_TASK BRIEF_: Entries below include pictures. Output exactly the lines from the one with "KS Tools GEARplus" down to the one with "Đồng hành cùng", both ends included, and leave the pictures out.

START INFORMATION PROVIDED

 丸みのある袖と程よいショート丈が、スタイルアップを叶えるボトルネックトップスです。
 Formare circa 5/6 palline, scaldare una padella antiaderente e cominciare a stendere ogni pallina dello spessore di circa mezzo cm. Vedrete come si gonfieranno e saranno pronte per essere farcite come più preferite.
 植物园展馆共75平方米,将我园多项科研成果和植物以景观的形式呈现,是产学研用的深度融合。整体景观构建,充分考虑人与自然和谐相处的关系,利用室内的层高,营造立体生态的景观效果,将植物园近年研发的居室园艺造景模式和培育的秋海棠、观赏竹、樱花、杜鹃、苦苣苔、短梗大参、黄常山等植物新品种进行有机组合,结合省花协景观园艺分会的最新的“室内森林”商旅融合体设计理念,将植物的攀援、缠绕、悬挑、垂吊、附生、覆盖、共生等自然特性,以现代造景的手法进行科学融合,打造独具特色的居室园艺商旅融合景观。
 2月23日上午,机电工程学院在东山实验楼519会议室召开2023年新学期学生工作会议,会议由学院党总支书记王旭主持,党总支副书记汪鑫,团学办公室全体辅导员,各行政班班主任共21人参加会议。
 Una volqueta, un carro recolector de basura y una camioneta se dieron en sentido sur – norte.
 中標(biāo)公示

END INFORMATION PROVIDED
START INFORMATION PROVIDED

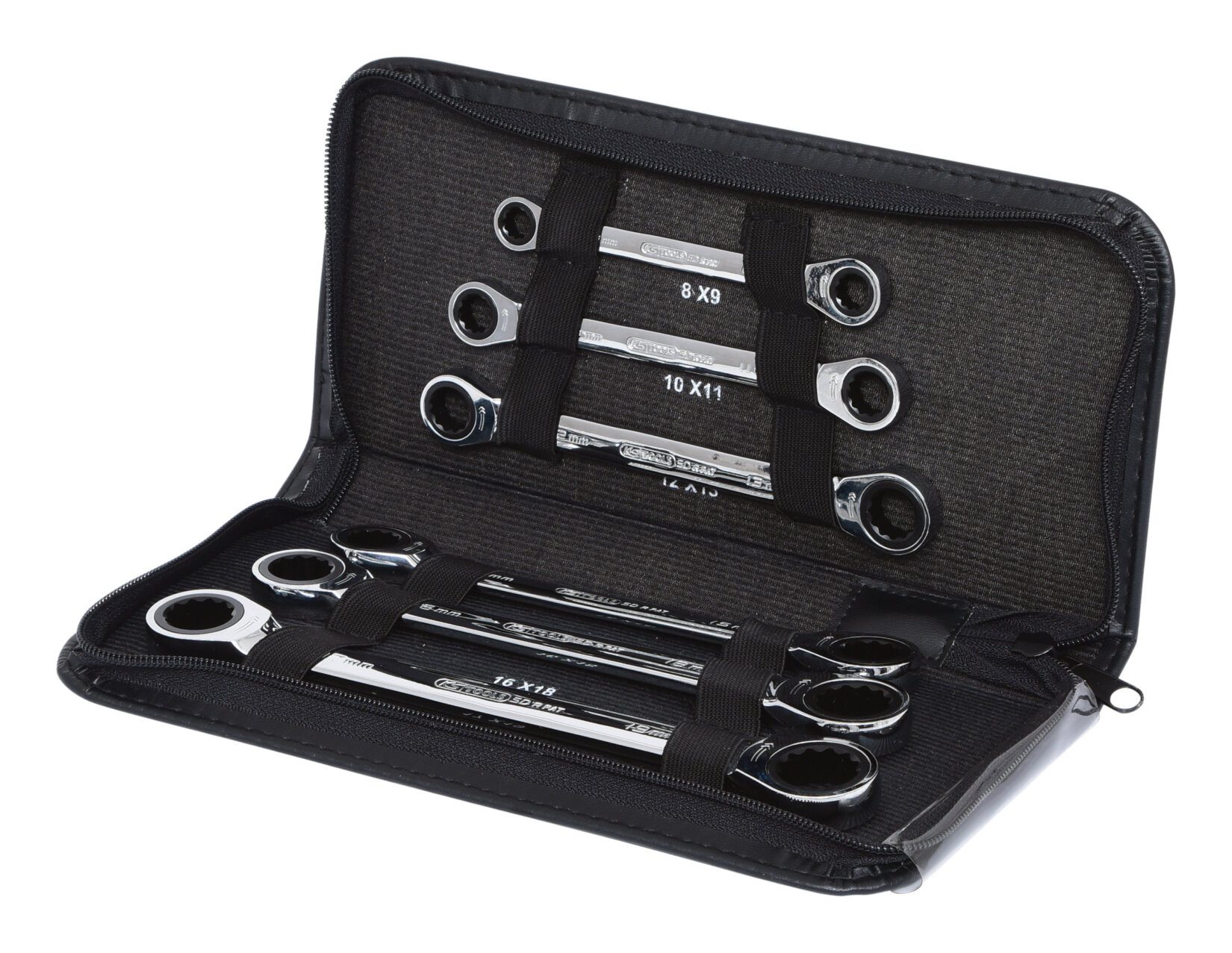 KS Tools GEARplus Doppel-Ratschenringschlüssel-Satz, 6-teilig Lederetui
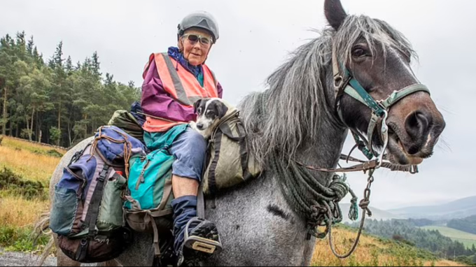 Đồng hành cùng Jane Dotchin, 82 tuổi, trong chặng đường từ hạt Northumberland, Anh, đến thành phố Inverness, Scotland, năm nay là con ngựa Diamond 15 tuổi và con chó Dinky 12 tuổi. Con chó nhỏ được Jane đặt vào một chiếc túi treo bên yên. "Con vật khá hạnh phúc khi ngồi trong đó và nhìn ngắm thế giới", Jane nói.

END INFORMATION PROVIDED

_YOUR SOLUTION_:
 KS Tools GEARplus Doppel-Ratschenringschlüssel-Satz, 6-teilig Lederetui
 Đồng hành cùng Jane Dotchin, 82 tuổi, trong chặng đường từ hạt Northumberland, Anh, đến thành phố Inverness, Scotland, năm nay là con ngựa Diamond 15 tuổi và con chó Dinky 12 tuổi. Con chó nhỏ được Jane đặt vào một chiếc túi treo bên yên. "Con vật khá hạnh phúc khi ngồi trong đó và nhìn ngắm thế giới", Jane nói.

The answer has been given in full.